The first of the month came without warning, and I got a slip in my mailbox reminding me to do my bulletin board. Crap! A bulletin board! What would I put up? My students are in the middle of their papers - I want them to revise them 3 more times before they are done. I can put up their baseline assessments, but those are total crap - the first things that they wrote this year, which were essentially just a way for me to measure where their skill level was. I consider rebelling, not doing one, because really, the ‘punishment’ consists of putting a LETTER in my file saying that I didn’t do the board, and it’s hard to get myself too worked up over a letter. But in the world of teaching, a letter in your file is like a death sentence, and I don’t want to make any enemies or make it too obvious that I find it ridiculous, so I had to put something up.
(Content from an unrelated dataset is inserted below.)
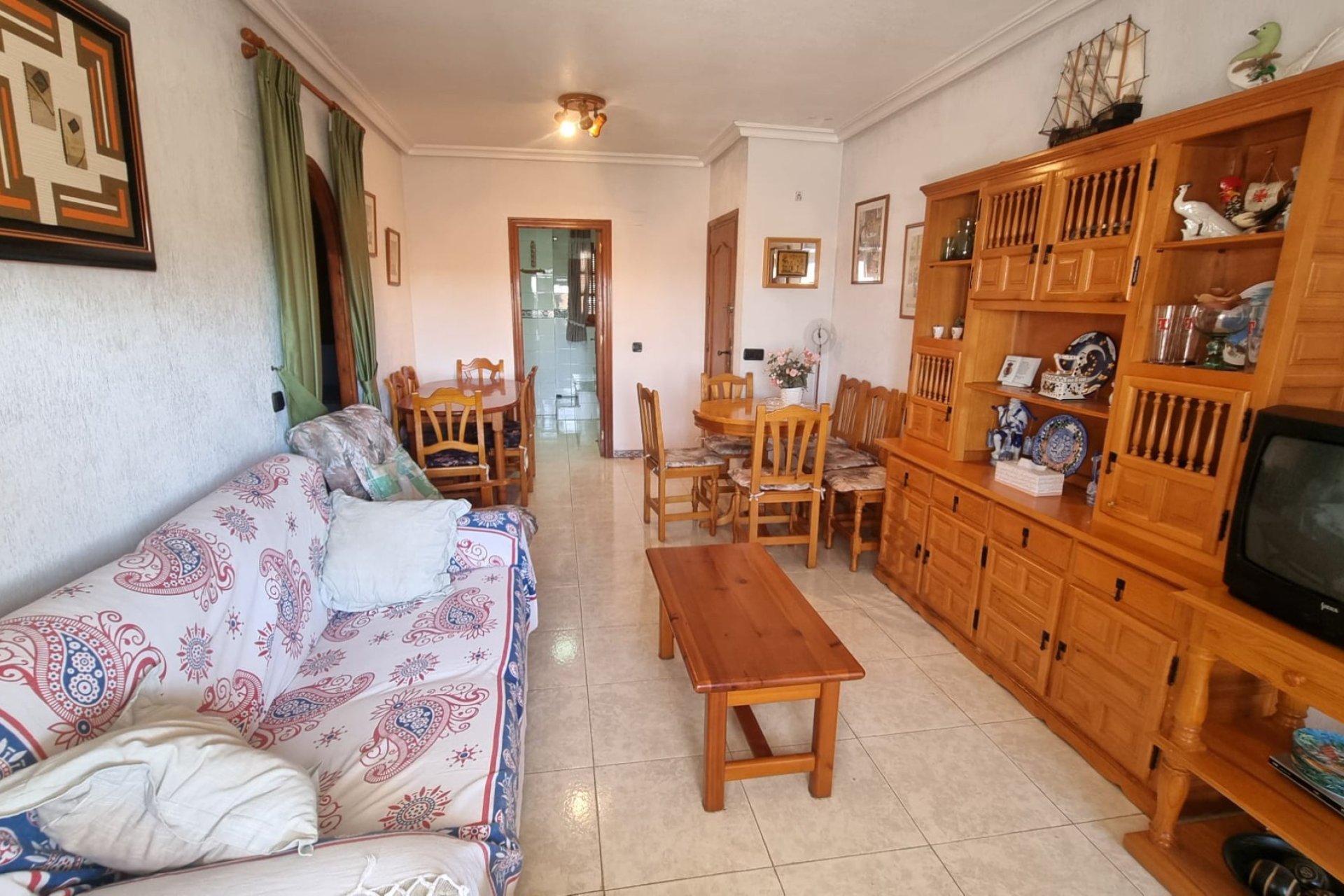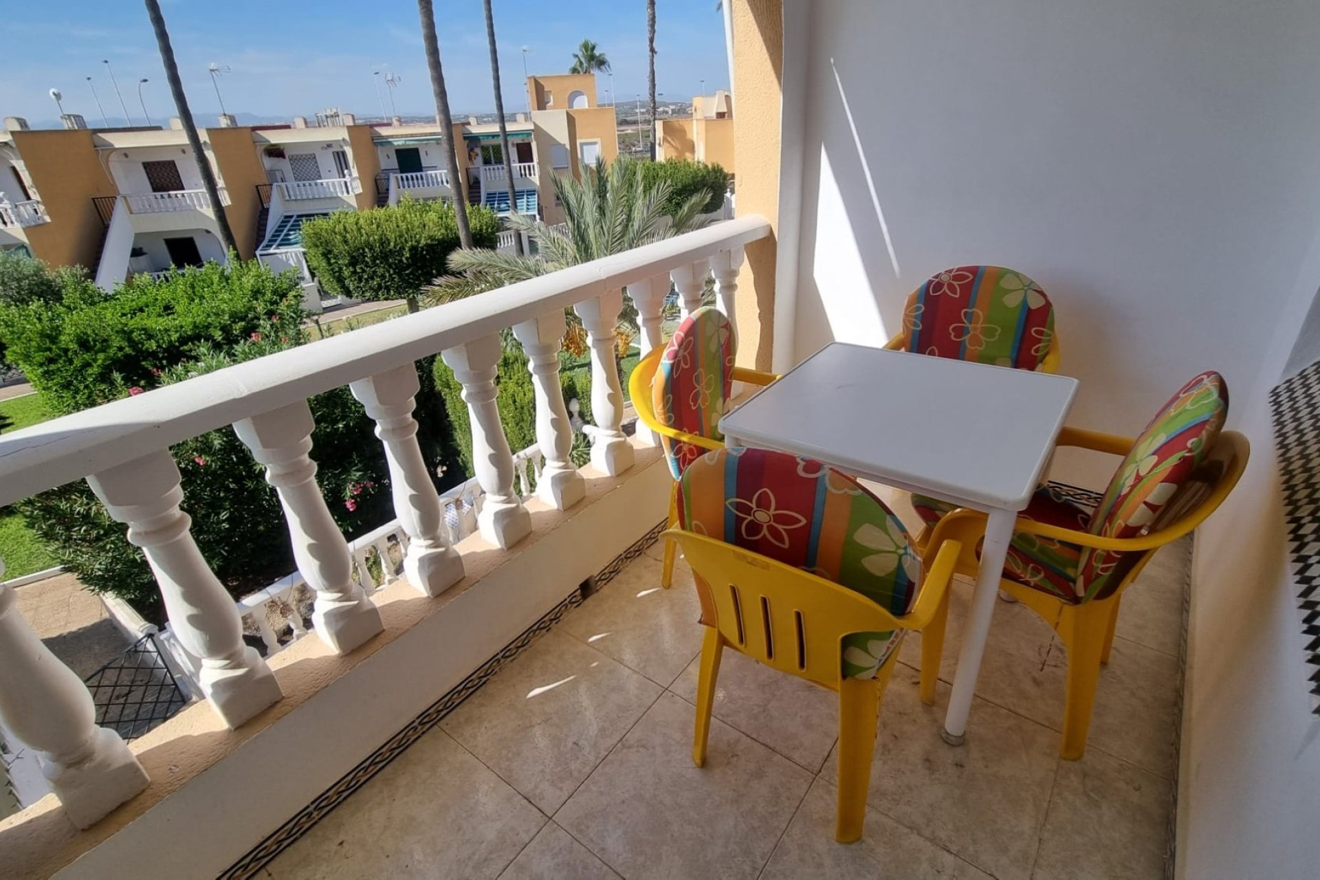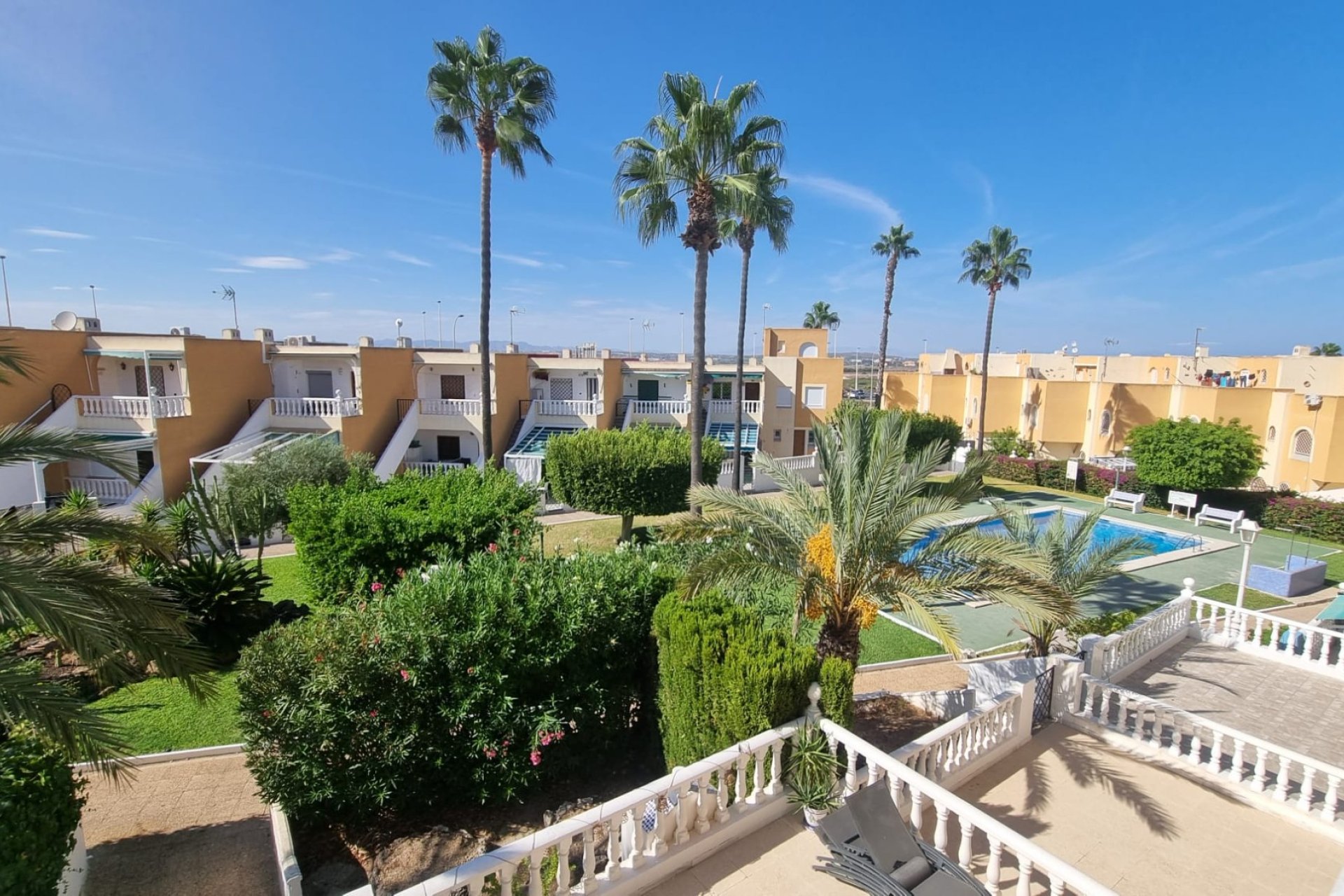 Una vivienda lista para disfrutar en la Costa Blanca Este bungalow en planta alta se encuentra en la calle Cibeles, en la zona de Torreblanca (Torrevieja), una de las áreas residenciales más demandadas por su cercanía al mar, servicios, ocio y parques naturales. Es una opción perfecta tanto como vivienda habitual, casa de vacaciones o inversión inmobiliaria en la Costa Blanca. Distribución cómoda y práctica La vivienda cuenta con dos dormitorios, un baño completo, cocina independiente y salón comedor, ofreciendo un espacio funcional y bien aprovechado. Se entrega amueblada y equipada, lista para entrar a vivir o empezar a rentabilizar desde el primer día. Espacios exteriores que marcan la diferencia El bungalow dispone de una terraza de 7 m² con vistas a la piscina y a los jardines comunitarios, ideal para disfrutar del clima mediterráneo en cualquier época del año. Su mayor atractivo es, sin duda, el solárium privado de 45 m², un espacio único para tomar el sol, celebrar reuniones familiares o simplemente relajarse al aire libre. Residencial con piscinas y pista de tenis El inmueble pertenece a un residencial privado en Torreblanca que ofrece dos piscinas comunitarias, pista de tenis y zonas ajardinadas, lo que garantiza diversión, deporte y tranquilidad para toda la familia. Extras que aportan valor Además de sus amplias zonas exteriores, este bungalow incluye un gran trastero para mejorar la capacidad de almacenaje y dos plazas de aparcamiento, una de ellas pensada para coche y otra perfecta para moto o quad. Ubicación estratégica en Torrevieja Situado en Torreblanca, este bungalow combina lo mejor de vivir en una zona residencial tranquila con la cercanía a las playas de Torrevieja, servicios, comercios, ocio y parques naturales. El entorno es ideal para quienes buscan calidad de vida, contacto con la naturaleza y, al mismo tiempo, una buena comunicación con el centro de la ciudad. Una oportunidad en la Costa Blanca Con todas estas características, este bungalow en venta en Torreblanca, Torrevieja representa una oportunidad única tanto para familias que desean una segunda residencia cerca del mar como para quienes buscan una inversión segura y rentable en la Costa Blanca. ¿Quieres más información sobre este bungalow en Torreblanca, Torrevieja? Contáctanos y te enviaremos planos, fotos adicionales o agendaremos una visita para descubrir en persona esta vivienda.

I went on the computers and printed out all of the papers that the students were working on. I stapled them to pretty paper, and cut out stars and shapes, and wrote in nice letter what the title was. I went down the checklist of things that were required, and I finished my board.

On Monday, the kids saw the board, and were shocked - they wanted to know what their grades were, how they got up there when I had said that their writing needed so much improvement. I had to let them in on the little secret of teachers everywhere - that bulletin boards are a bit of a chore, not to be taken too seriously, and that we would be continuing on track.

But the truth is, we never really did get back on track. They students didn’t want to go back to those pieces - they had already been published in some way, and they felt more done then they had when they left on Friday. So we abandoned them, for the most part, and started new work. And I never went back and gave the real grades for the papers, and the kids lost out on what they should have learned from rewriting them.

Bulletin boards are the worst. They make no sense, and I think they are basically silly. Even my students know how I feel about them. But I do them. And I think that that’s important. It’s important to show my students that even when you don’t want to do something, you do it because you’re supposed to sometimes. They know when I don’t want to go to a meeting, but they see that I go anyway. They know that there are probably people I hate and horrible things that I want to say sometimes, but that I keep them in my head, and that, more than anything, is an example that they need.

So in the end, I justify the bulletin boards to myself in that they can be a vehicle through which my kids can learn a bit about life - even if it is at the expense of ELA.

1 comment:

  1. I'll never forget the time that a severely disabled girl from another class saw me putting up a hallway bulletin board.

    "What are you doing?" she asked.

    "Making a bulletin board," I replied.

    "Why?"

    The best I could answer was, "I don't know."